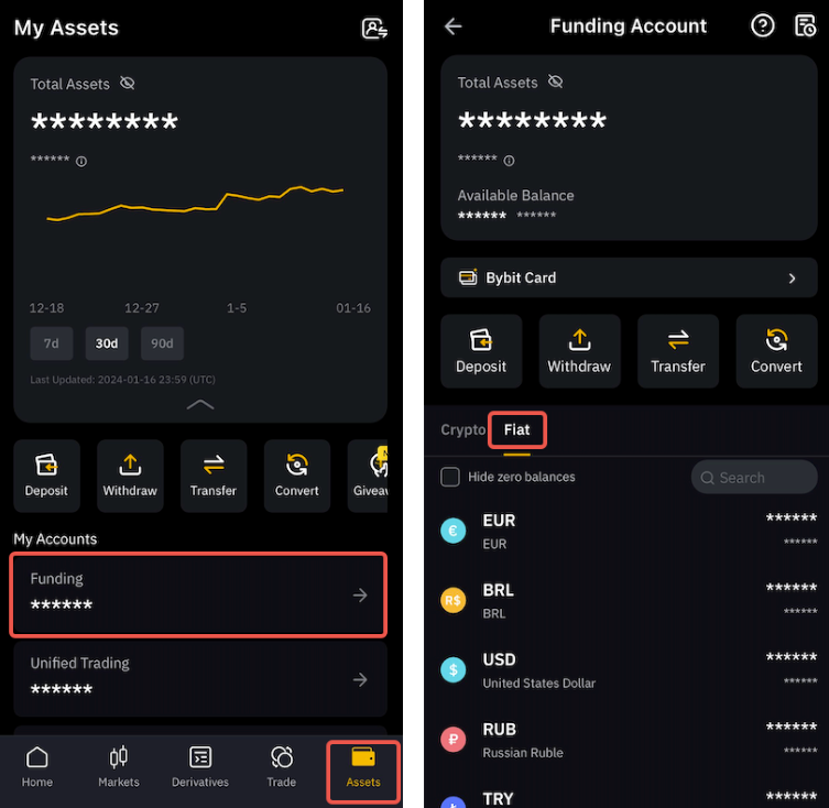 No aplicativo, toque em Ativos → Fundos → Fiat.
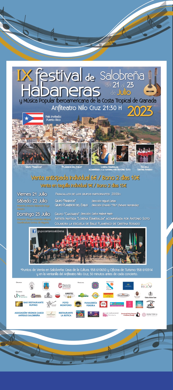 El sábado 22 actuarán los grupos “Pandivos” y “Pleneros del Exilio” representando al país invitado. Como presentador de esta jornada estará Antonio Rabanedas
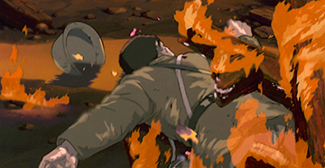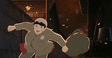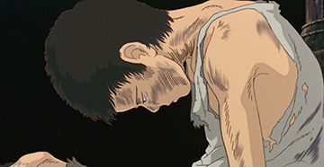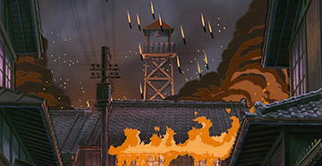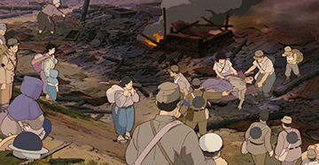 Les scènes de guerre sont particulièrement concrètes : bombardements de Kobe, mort de Seita, crémation de Setsuko, corps rongé par la maladie ou jeté dans une fosse... Sans compter le rationnement, véritable obsession engendrant médisances, envies et vols.
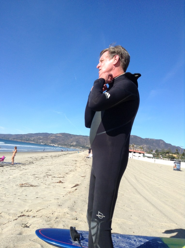 When we got to Oahu, we couldn’t wait to get into the warm water. Here on the Central Coast the water can be numbing. There were already more surfers out than I could count. I did exactly as he said and carried my board like a pro. My husband told me he would be watching me and to remember what he taught me. I didn’t tell him that I forgot it all.
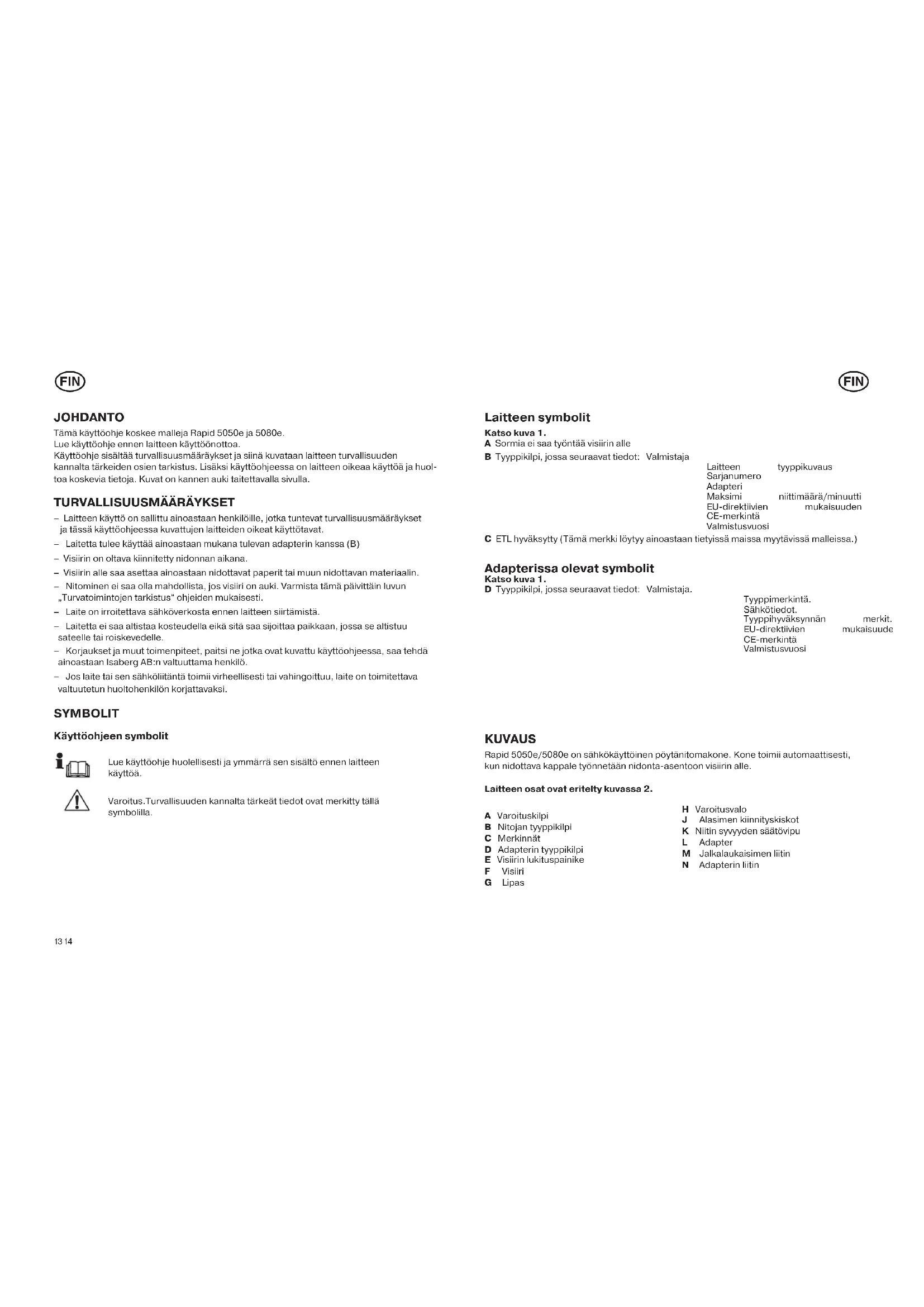 Laitteen symbolit Katso kuva 1. A Sormia ei saa työntää visiirin alle B Tyyppikilpi, jossa seuraavat tiedot: Valmistaja Laitteen tyyppikuvaus Sarjanumero Adapteri Maksimi niittimäärä/minuutti EU-direktiivien mukaisuuden ilmaiseva CE-merkintä Valmistusvuosi C ETL hyväksytty (Tämä merkki löytyy ainoastaan tietyissä maissa myytävissä malleissa.) Adapterissa olevat symbolit Katso kuva 1. D Tyyppikilpi, jossa seuraavat tiedot: Valmistaja. Tyyppimerkintä. Sähkötiedot. Tyyppihyväksynnän merkit. EU-direktiivien mukaisuuden ilmaiseva CE-merkintä Valmistusvuosi KUVAUS Rapid 5050e/5080e on sähkökäyttöinen pöytänitomakone. Kone toimii automaattisesti, kun nidottava kappale työnnetään nidonta-asentoon visiirin alle. Laitteen osat ovat eritelty kuvassa 2. A Varoituskilpi B Nitojan tyyppikilpi C Merkinnät D Adapterin tyyppikilpi E Visiirin lukituspainike F Visiiri G Lipas H Varoitusvalo J Alasimen kiinnityskiskot K Niitin syvyyden säätövipu L Adapter M Jalkalaukaisimen liitin N Adapterin liitin

■ **What the task asks**: Above are records to transcribe exactly; leave their pictures out.

■ **Output for this exercise**:
 No aplicativo, toque em Ativos → Fundos → Fiat.
 El sábado 22 actuarán los grupos “Pandivos” y “Pleneros del Exilio” representando al país invitado. Como presentador de esta jornada estará Antonio Rabanedas
 Les scènes de guerre sont particulièrement concrètes : bombardements de Kobe, mort de Seita, crémation de Setsuko, corps rongé par la maladie ou jeté dans une fosse... Sans compter le rationnement, véritable obsession engendrant médisances, envies et vols.
 When we got to Oahu, we couldn’t wait to get into the warm water. Here on the Central Coast the water can be numbing. There were already more surfers out than I could count. I did exactly as he said and carried my board like a pro. My husband told me he would be watching me and to remember what he taught me. I didn’t tell him that I forgot it all.
 Laitteen symbolit Katso kuva 1. A Sormia ei saa työntää visiirin alle B Tyyppikilpi, jossa seuraavat tiedot: Valmistaja Laitteen tyyppikuvaus Sarjanumero Adapteri Maksimi niittimäärä/minuutti EU-direktiivien mukaisuuden ilmaiseva CE-merkintä Valmistusvuosi C ETL hyväksytty (Tämä merkki löytyy ainoastaan tietyissä maissa myytävissä malleissa.) Adapterissa olevat symbolit Katso kuva 1. D Tyyppikilpi, jossa seuraavat tiedot: Valmistaja. Tyyppimerkintä. Sähkötiedot. Tyyppihyväksynnän merkit. EU-direktiivien mukaisuuden ilmaiseva CE-merkintä Valmistusvuosi KUVAUS Rapid 5050e/5080e on sähkökäyttöinen pöytänitomakone. Kone toimii automaattisesti, kun nidottava kappale työnnetään nidonta-asentoon visiirin alle. Laitteen osat ovat eritelty kuvassa 2. A Varoituskilpi B Nitojan tyyppikilpi C Merkinnät D Adapterin tyyppikilpi E Visiirin lukituspainike F Visiiri G Lipas H Varoitusvalo J Alasimen kiinnityskiskot K Niitin syvyyden säätövipu L Adapter M Jalkalaukaisimen liitin N Adapterin liitin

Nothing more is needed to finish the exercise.